妖だとか怨霊だとかがいるのなら、呪術を身に付けていても困る事はない筈だ。
身に付けられればの話だが、何もしないよりはやってみる価値はあるだろう。
先程までのモヤモヤが嘘の様に緋眼は吹っ切れた。
「私、明日晴明様に会ってみます」
「緋眼…?」
「私が今出来る事をしてみます。元の世界に戻れる方法も見付けてみせます。だから、絶対に元の世界に帰りましょう!彩耶香ちゃん!」
彩耶香は驚いた表情を見せたが、緋眼の言葉にそれを次第に笑みに変えた。
僅かな悲しみも乗せて。
翌日、お昼過ぎには晴明は自宅に戻ると頼光から聞き、緋眼は弥彦に連れられて晴明の屋敷に赴いた。

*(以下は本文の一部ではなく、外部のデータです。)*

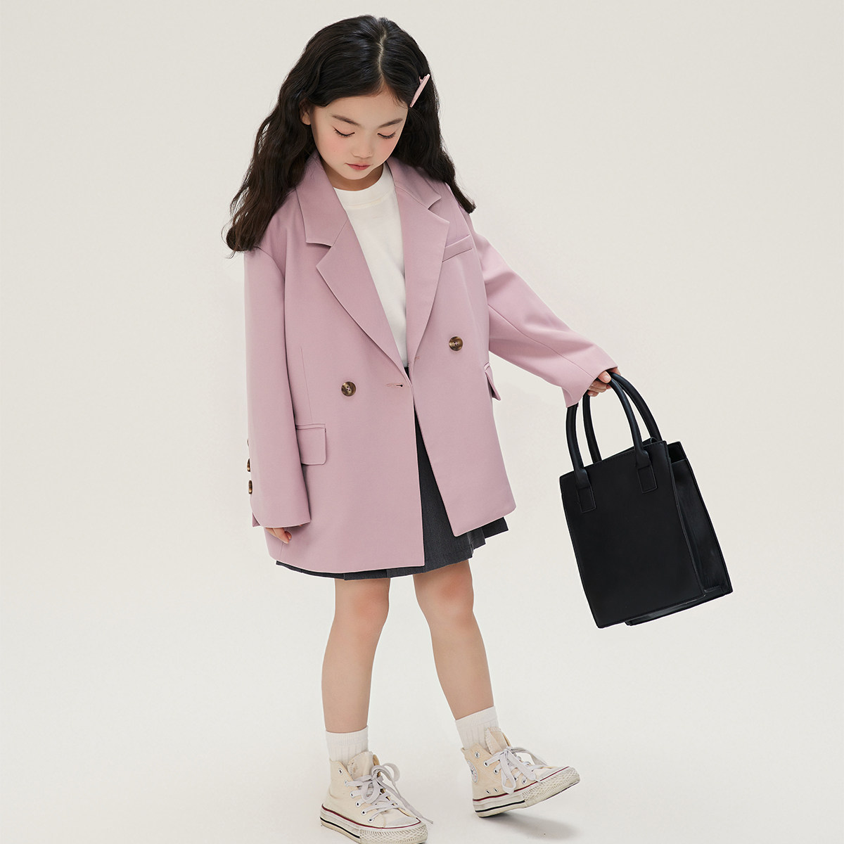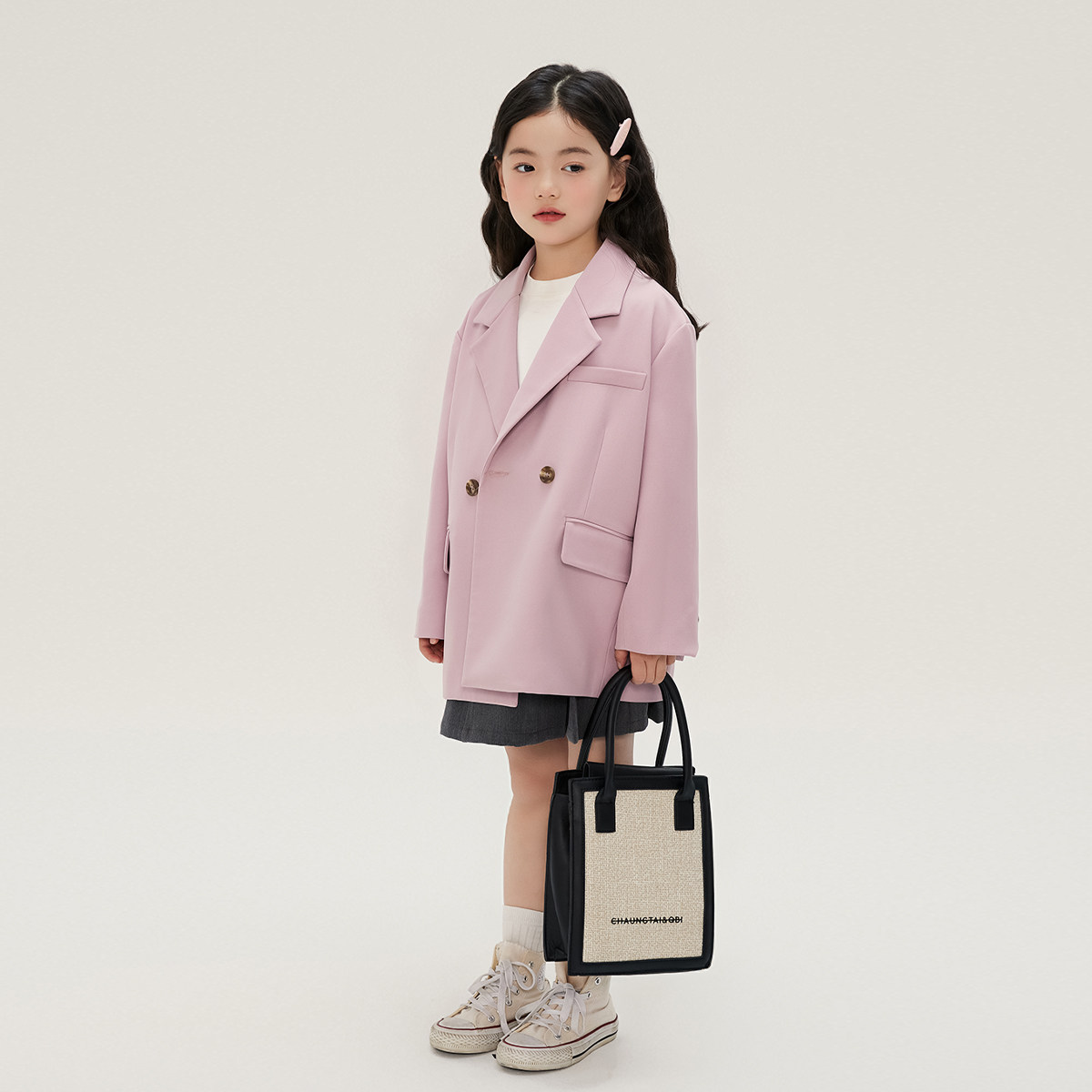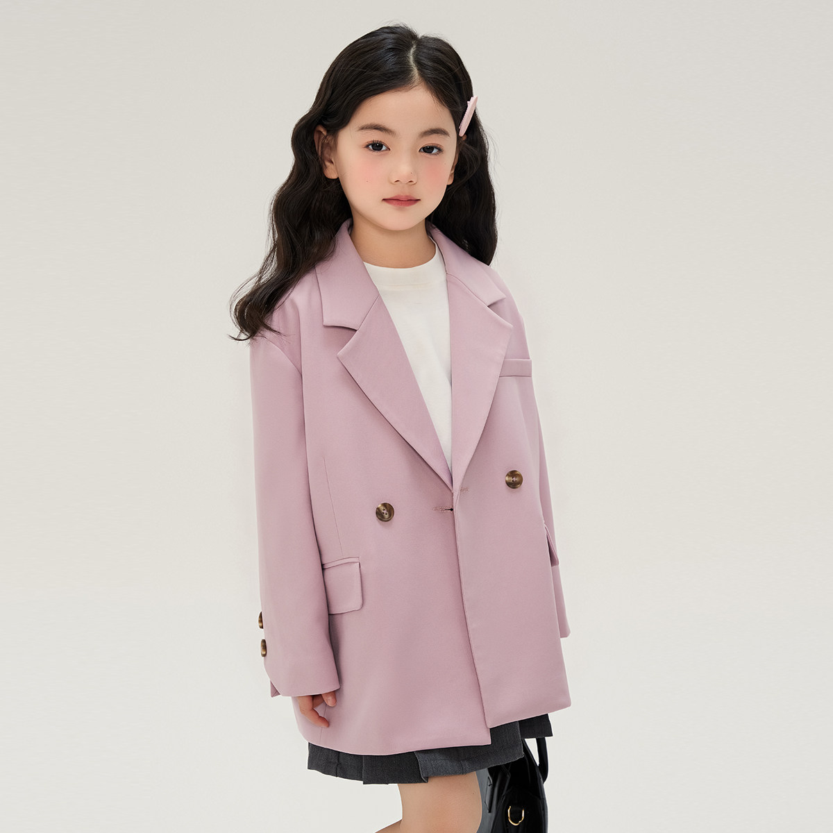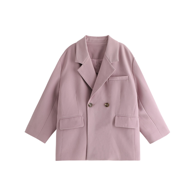 布丁哈鲁春装女童粉色西装外套2026春秋季新款洋气儿童休闲百搭

弥彦は外で待っていると言い一緒に屋敷内へは入らなかった。
「さあ、上がってください、緋眼。お待ちしていましたよ」
「お邪魔…します…」
異様に気分の良さそうな晴明に招かれ、恐る恐る屋敷へ上がる。
廊下を歩くと客間と思われる部屋に通された。
「今、飲み物と董禾が来ますから」
「あの、どうかお構い無く…」
(飲み物と橘様がセット…)
晴明の言い様に突っ込みたくなる気持ちを抑えて、緋眼は促されるまま茵に腰を下ろす。
「白湯と菓子をお持ちしました」
「ええ、董禾も早く此方に来なさい」
晴明は白湯を出す董禾を急き立てる。
「それで緋眼。本日は例のお返事をいただけると言う事で良いですか?」
「あ、はい」
他に用事もないのだ。
別に驚く事ではないのだが、先に用件を言われ緋眼は少し身を固くする。
「そう固くならないでください。どんなお返事でも受け入れますよ」
「はい。あの…」
「はい」
「もしも、晴明様がご迷惑でないのでしたら、どうか私に陰陽道のご指南をしていただけないでしょうか」
「それは、弟子入りしていただけると言う事で間違いないですね?」
「はい。晴明様がご迷惑でなければ」
弟子入り?と一瞬思うものの、晴明の元で教えを乞うと言う事はそう言う事なのだろう。
そう自己解決した瞬間、晴明は緋眼に近付き手を握った。
「ありがとうございます。実を言うと断られてしまうのではと心配していました。でも、そのお言葉が聞けて安心しましたよ」
「此方こそ、こんな私に声を掛けていただいて、ありが…」
その時だ。
横から鋭い視線が突き刺さった。
その先にいたのは董禾だ。
(滅茶苦茶睨まれてるー)
緋眼を見る董禾の目は刃物の様に鋭く、絶対零度の冷たさがあった。
「ああ、改めて紹介しましょう。貴女の兄弟子となる董禾です。暫くは、私の代わりに彼が貴女の面倒を見て、陰陽道について教えてくれます」
「え?」
緋眼は思わず耳を疑った。
「董禾は非常に腕の立つ優秀な術師です。安心して彼から学んでくださいね」
「………」
晴明の言葉とは対照的に、董禾からは明らかに拒絶のオーラが放たれていた。
「大丈夫ですよ。董禾は私の愛弟子ですから」
晴明の底知れぬ笑みが安心どころか、緋眼の不安を一層掻き立てた。
これは引き受けてはいけない案件だったかもしれない。
今更そう思ってももう遅い。
晴明は、では明日の卯一刻に来てくださいね、と話を続けていた。